Begin the copy at the line containing "Vue du bas de" in the data below and end it at the line containing "Touchpins am Wemos", keeping each line exact and leaving out pictures.

> **Excerpted data**
#####

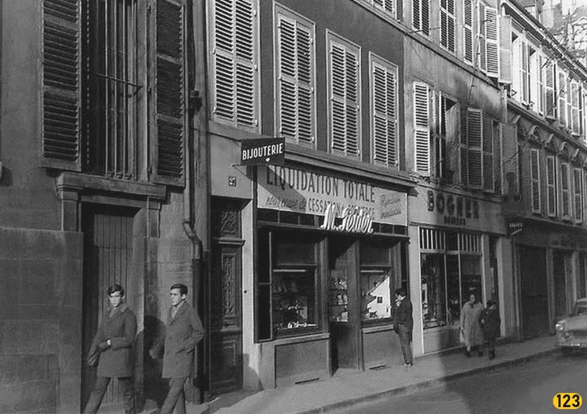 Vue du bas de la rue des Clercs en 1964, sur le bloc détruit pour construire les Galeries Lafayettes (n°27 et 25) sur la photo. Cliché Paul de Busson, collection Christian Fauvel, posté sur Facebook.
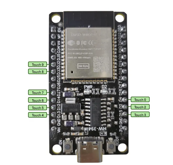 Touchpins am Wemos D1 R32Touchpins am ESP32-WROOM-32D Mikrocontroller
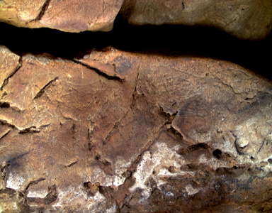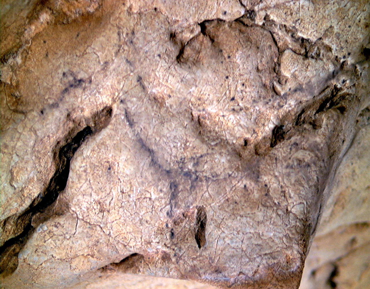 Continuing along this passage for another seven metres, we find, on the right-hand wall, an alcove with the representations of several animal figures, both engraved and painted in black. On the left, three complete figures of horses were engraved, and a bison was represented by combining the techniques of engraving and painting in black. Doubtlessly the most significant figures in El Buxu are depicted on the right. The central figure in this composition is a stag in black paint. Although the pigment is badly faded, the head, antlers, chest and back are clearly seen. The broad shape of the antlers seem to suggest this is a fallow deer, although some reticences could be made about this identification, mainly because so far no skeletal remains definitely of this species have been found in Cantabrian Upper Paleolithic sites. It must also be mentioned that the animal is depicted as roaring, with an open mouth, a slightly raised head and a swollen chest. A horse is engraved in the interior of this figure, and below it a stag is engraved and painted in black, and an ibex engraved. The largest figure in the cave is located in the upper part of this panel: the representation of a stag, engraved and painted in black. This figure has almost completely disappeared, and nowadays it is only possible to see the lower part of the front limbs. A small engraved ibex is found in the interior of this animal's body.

#####

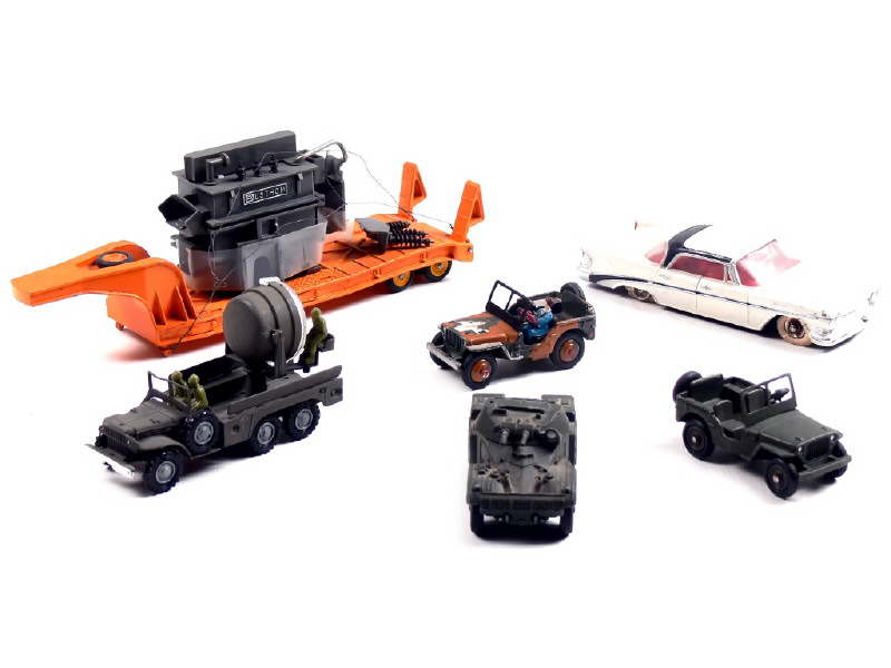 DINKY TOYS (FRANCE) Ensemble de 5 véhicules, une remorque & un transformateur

#####

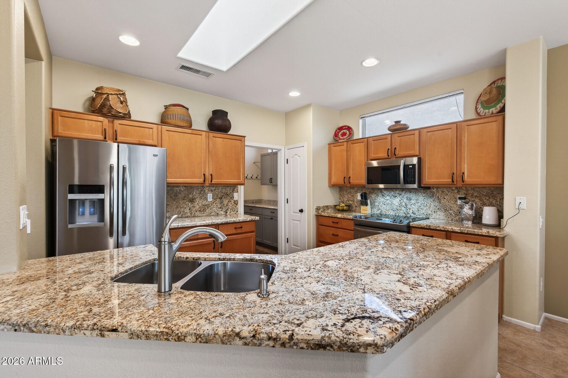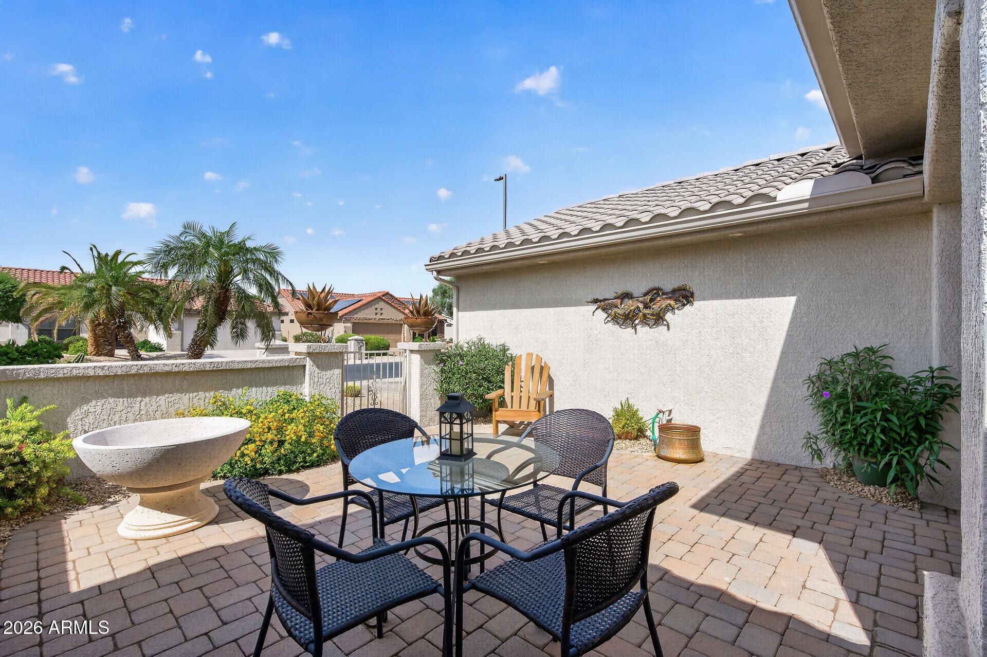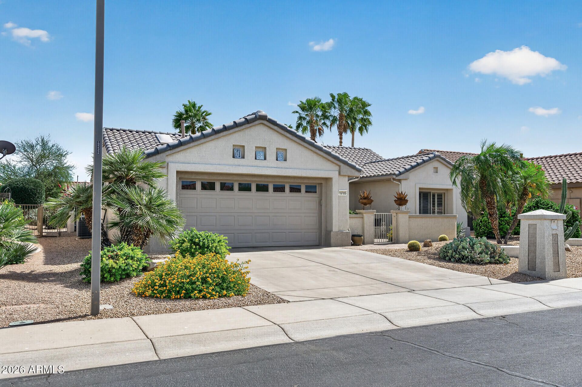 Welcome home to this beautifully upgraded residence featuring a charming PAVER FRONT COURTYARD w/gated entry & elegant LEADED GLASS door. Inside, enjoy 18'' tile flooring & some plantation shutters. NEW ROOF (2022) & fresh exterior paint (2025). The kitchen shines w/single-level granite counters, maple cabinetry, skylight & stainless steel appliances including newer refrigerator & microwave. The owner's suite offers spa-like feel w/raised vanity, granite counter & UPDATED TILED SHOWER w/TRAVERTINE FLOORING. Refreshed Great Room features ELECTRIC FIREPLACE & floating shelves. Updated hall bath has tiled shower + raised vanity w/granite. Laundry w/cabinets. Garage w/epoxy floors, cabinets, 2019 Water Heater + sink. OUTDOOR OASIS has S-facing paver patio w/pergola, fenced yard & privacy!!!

#####

> **Result of this exercise**
 Vue du bas de la rue des Clercs en 1964, sur le bloc détruit pour construire les Galeries Lafayettes (n°27 et 25) sur la photo. Cliché Paul de Busson, collection Christian Fauvel, posté sur Facebook.
 Touchpins am Wemos D1 R32Touchpins am ESP32-WROOM-32D Mikrocontroller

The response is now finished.